Final Thoughts by Fred Akman

As a PhD in the Holocaust field and a teacher, it was only natural when presented with the opportunity to take this trip that I jumped on it. The previous summer, I traveled with a group of North Carolinian teachers to Poland to visit the concentration camps and other historically significant sights. That trip changed the way in which I teach the Holocaust, as well as how I approach aspects of my research. I left excited for how this trip would transform my understanding of the Holocaust and how those in Germany internalize and process either guilt, generational trauma, or at times perhaps both.

It was not a visit to one of many important museums, the courtroom in Nuremberg, Track 17 (a memorial in Berlin at train tracks where Jews were put onto the trains to be taken to the camps) or even our visit to Dachau, one of the first concentration camps (originally created for political rivals in the early stages of Nazi rule) that I have been continually thinking about on this trip. It was the visit to the former Nazi rally grounds- a location that I had anticipated would be interesting but not particularly emotional or transformative for me.
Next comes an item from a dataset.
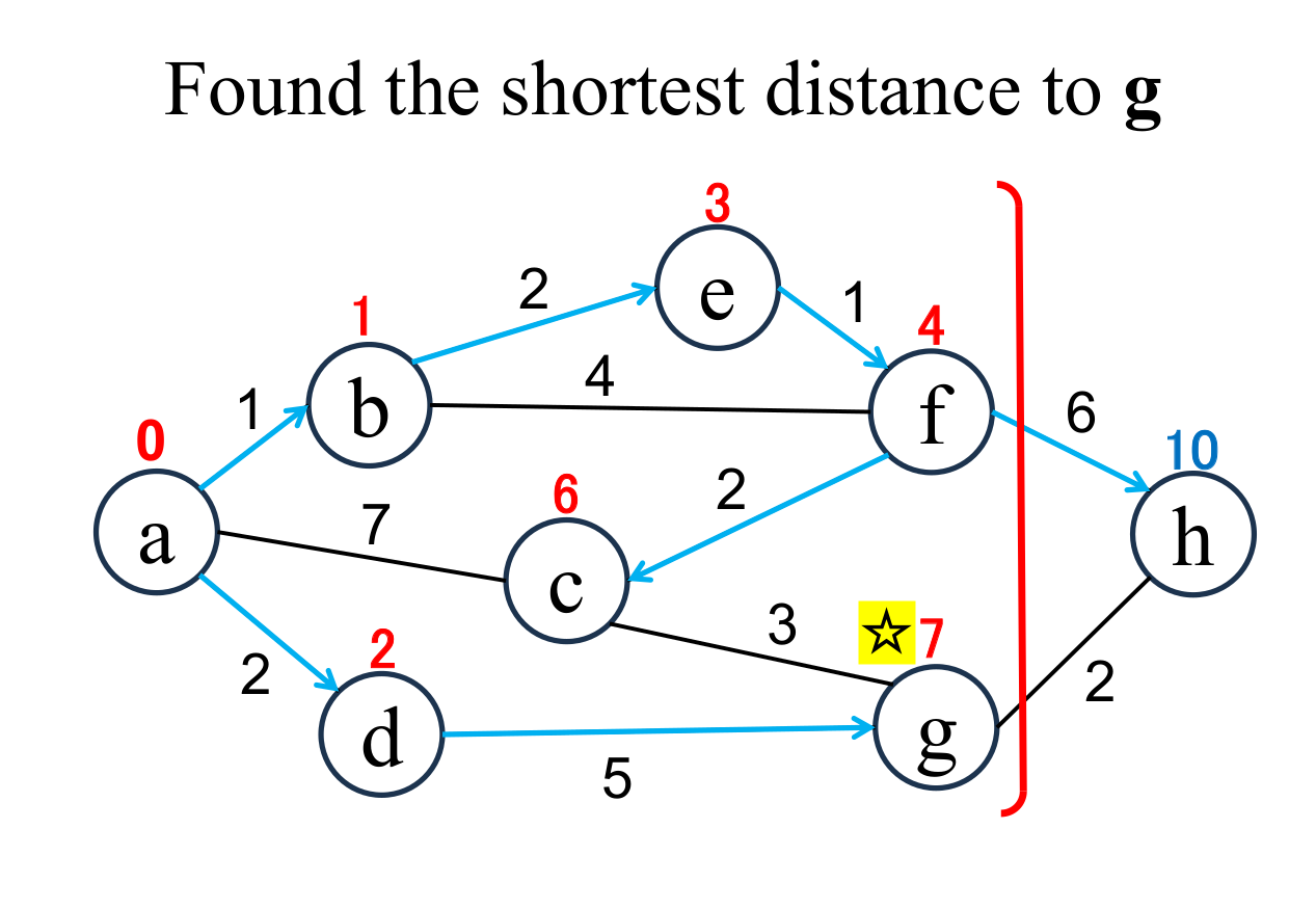 among the "unfixed" nodes. The shortest distance of the selected node (g marked with ☆) is "fixed" to the current value (7). |

I have, after all, been to many concentration camps and mass graves. I have dealt with the details of the unspeakable atrocities that happened during the Holocaust on a daily basis. This location was not tied directly to the deaths in the Holocaust, but tied to the Jew-free future that the Nazis were hoping to build. Standing on the grounds I was able to envision a world in which Hitler had been successful in building his “thousand-year Third Reich”. The ruins there lay crumbling and unfinished, but it took very little effort to see the buildings as they had been intended, and Germans marching through the grounds in uniform, smiling and singing patriotic songs.

There was no guarantee of an Allied victory in World War II. This is a point that I feel is often lost in hindsight. I recently had a friendly debate with a colleague about Roosevelt’s claims that they could not do anything about the camps, even late in the war when they had the range and capability to bomb camps and rail lines because it would potentially draw too many resources from the war effort. It was generally agreed amongst the Allied leadership that ending the war was the best way to help the Jews and other victims. Some historians have rebuked this claim, stating that they simply did not care that much about the Jews. Others agree that one serious misstep in the allocations of funds and resources could have proved disastrous for the Allied cause. This illustrates that there were many times when it looked as though the Allies would lose. The Nazi rally grounds stood as a reminder of the world that could very possibly have existed, which would also be a world in which the participants on this trip would not have existed in.

My overall impression of Germany’s relationship to the Holocaust is that they are focused on educating their people on the rise of fascism in hopes of avoiding a return to far-right political ideology. I did not feel as though the focus was truly on the Holocaust and the victims, as I feel visiting Yad Vashem, for instance. Overall, I think Germany has a longer road to travel to fully acknowledging what was done and properly educating their population on the horrors that their ancestors were guilty of increased my uncomfortably standing in front of massive buildings designed to spread the Nazi propaganda to the people.

It was a transformative experience, but not necessarily in the ways that I thought it might be. Participants took away vastly different things from this trip. One person even stated in our final conversation that perhaps the rally grounds were not important enough to be included in the trip. I think this is the mark of a truly well-put-together and thought-out experience. Everyone came with different backgrounds, needs, and expectations, and not a single person in the group felt like the program did not exceed what was promised. The trip was a once-in-a-lifetime opportunity put together by fantastic people and I cannot recommend it highly enough.